* **Work to be completed**
After finding the line that holds "Umutiti jaja, mlijeko, maslinovo" below, set down that line and the rest through the final one exactly, leaving the pictures out.

* **Exercise data**
= = = = = = =
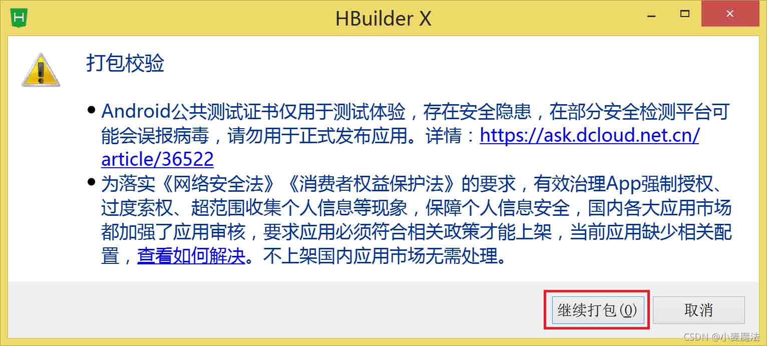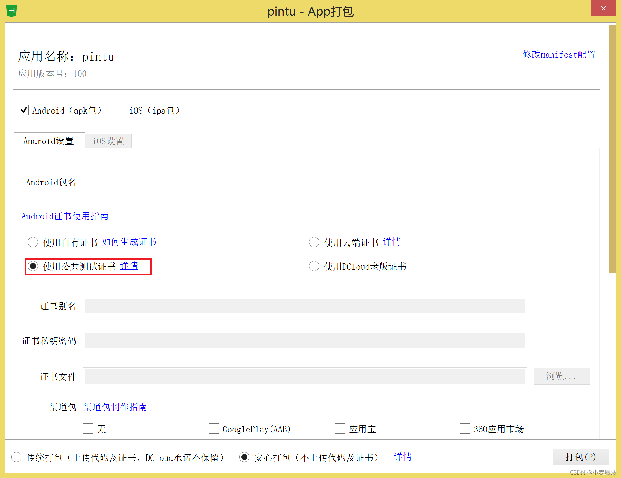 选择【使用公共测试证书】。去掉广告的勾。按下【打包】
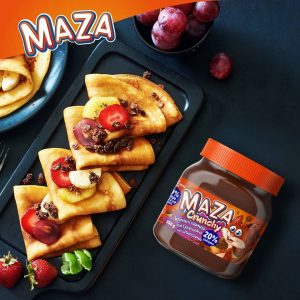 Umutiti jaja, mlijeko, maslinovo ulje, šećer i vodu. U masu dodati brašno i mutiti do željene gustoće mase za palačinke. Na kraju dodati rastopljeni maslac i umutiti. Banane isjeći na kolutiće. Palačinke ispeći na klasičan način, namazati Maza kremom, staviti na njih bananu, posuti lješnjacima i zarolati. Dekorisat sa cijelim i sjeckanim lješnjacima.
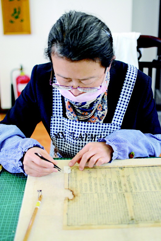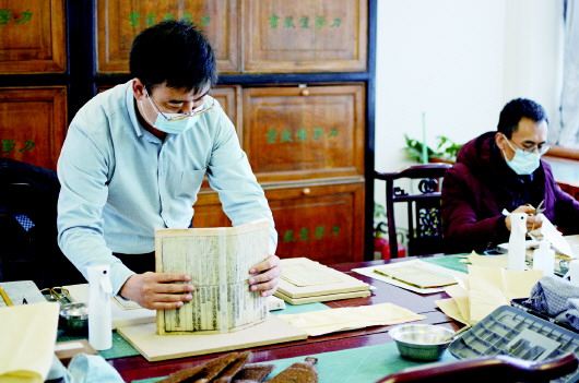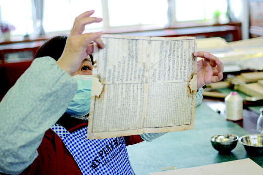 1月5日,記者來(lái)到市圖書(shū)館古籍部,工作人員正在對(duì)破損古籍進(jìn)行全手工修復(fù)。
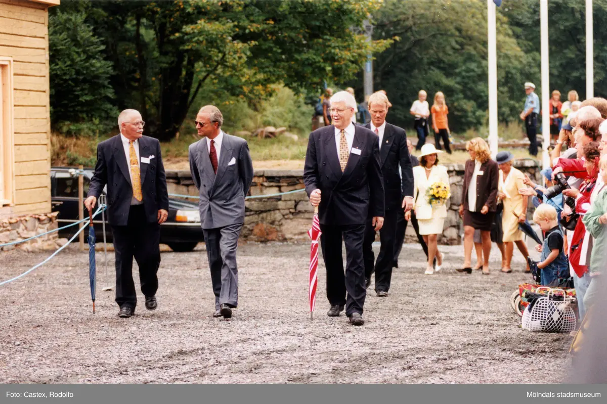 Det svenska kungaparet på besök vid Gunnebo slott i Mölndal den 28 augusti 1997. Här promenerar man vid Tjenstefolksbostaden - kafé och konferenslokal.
= = = = = = =
* **Answer space**
 Umutiti jaja, mlijeko, maslinovo ulje, šećer i vodu. U masu dodati brašno i mutiti do željene gustoće mase za palačinke. Na kraju dodati rastopljeni maslac i umutiti. Banane isjeći na kolutiće. Palačinke ispeći na klasičan način, namazati Maza kremom, staviti na njih bananu, posuti lješnjacima i zarolati. Dekorisat sa cijelim i sjeckanim lješnjacima.
 1月5日,記者來(lái)到市圖書(shū)館古籍部,工作人員正在對(duì)破損古籍進(jìn)行全手工修復(fù)。
 Det svenska kungaparet på besök vid Gunnebo slott i Mölndal den 28 augusti 1997. Här promenerar man vid Tjenstefolksbostaden - kafé och konferenslokal.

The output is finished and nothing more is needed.